PROBLEM REQUIREMENTS – Return the data below exactly, please, but drop the pictures.

INPUT DATA –
▼

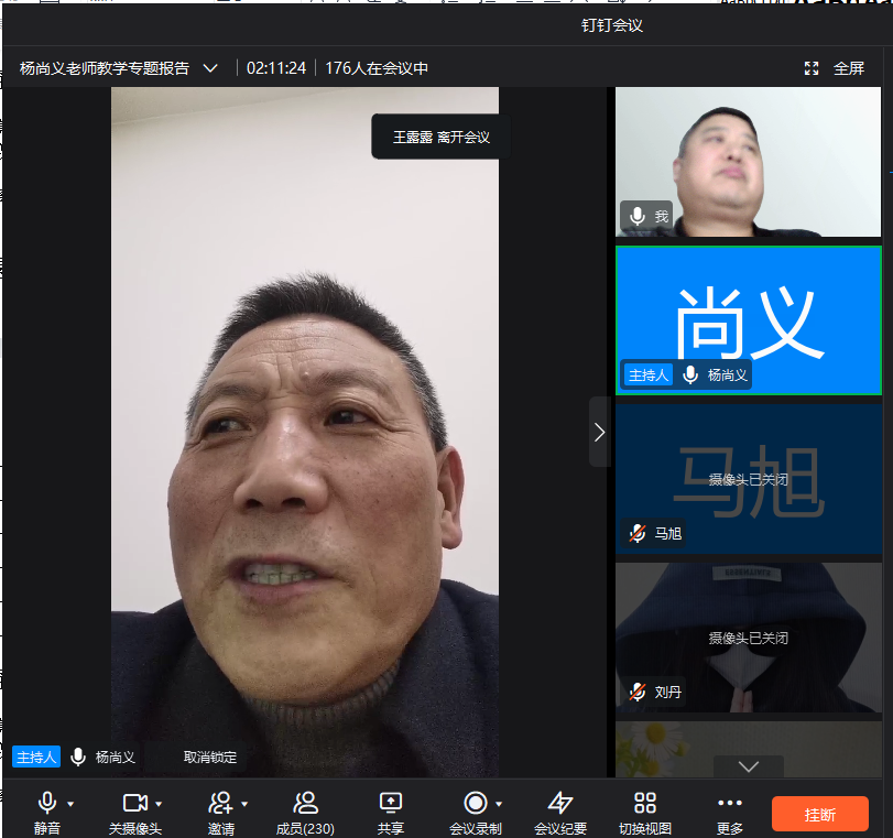 12月9日晚7:30,应今年会官方网站邀请,天水市逸夫中学高级教师杨尚义通过钉钉会议作了题为《拿什么献给你,教师生活》的报告。19级师范生共210余人参加,报告由学院行政负责人主持。
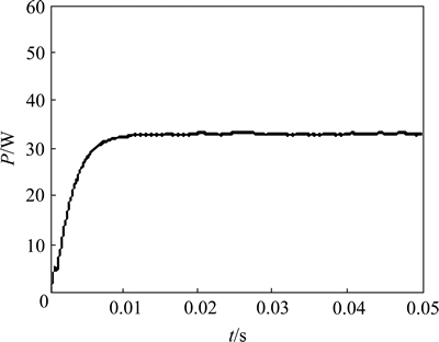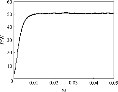 从图 9可以看出:采用新型算法时,最大功率在50 W左右波动,在0.01 s时攀升至最大功率输出。从图10可以看出:采用扰动观察法时,在0.013 s时攀升至最大功率输出,也就是在第1个极值点,但输出只有33 W左右。而实际情况中光伏列阵的全局最大功率点不一定在第1个极值点,因而,采用本文提出的算法更符合实际。
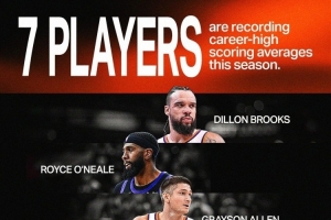 體育資訊4月12日訊 太陽官方社媒更新動(dòng)態(tài),曬出了本賽季隊(duì)中7位球員創(chuàng)造了職業(yè)生涯場(chǎng)均得分新高的海報(bào)。

▲

EXERCISE OUTPUT –
 12月9日晚7:30,应今年会官方网站邀请,天水市逸夫中学高级教师杨尚义通过钉钉会议作了题为《拿什么献给你,教师生活》的报告。19级师范生共210余人参加,报告由学院行政负责人主持。
 从图 9可以看出:采用新型算法时,最大功率在50 W左右波动,在0.01 s时攀升至最大功率输出。从图10可以看出:采用扰动观察法时,在0.013 s时攀升至最大功率输出,也就是在第1个极值点,但输出只有33 W左右。而实际情况中光伏列阵的全局最大功率点不一定在第1个极值点,因而,采用本文提出的算法更符合实际。
 體育資訊4月12日訊 太陽官方社媒更新動(dòng)態(tài),曬出了本賽季隊(duì)中7位球員創(chuàng)造了職業(yè)生涯場(chǎng)均得分新高的海報(bào)。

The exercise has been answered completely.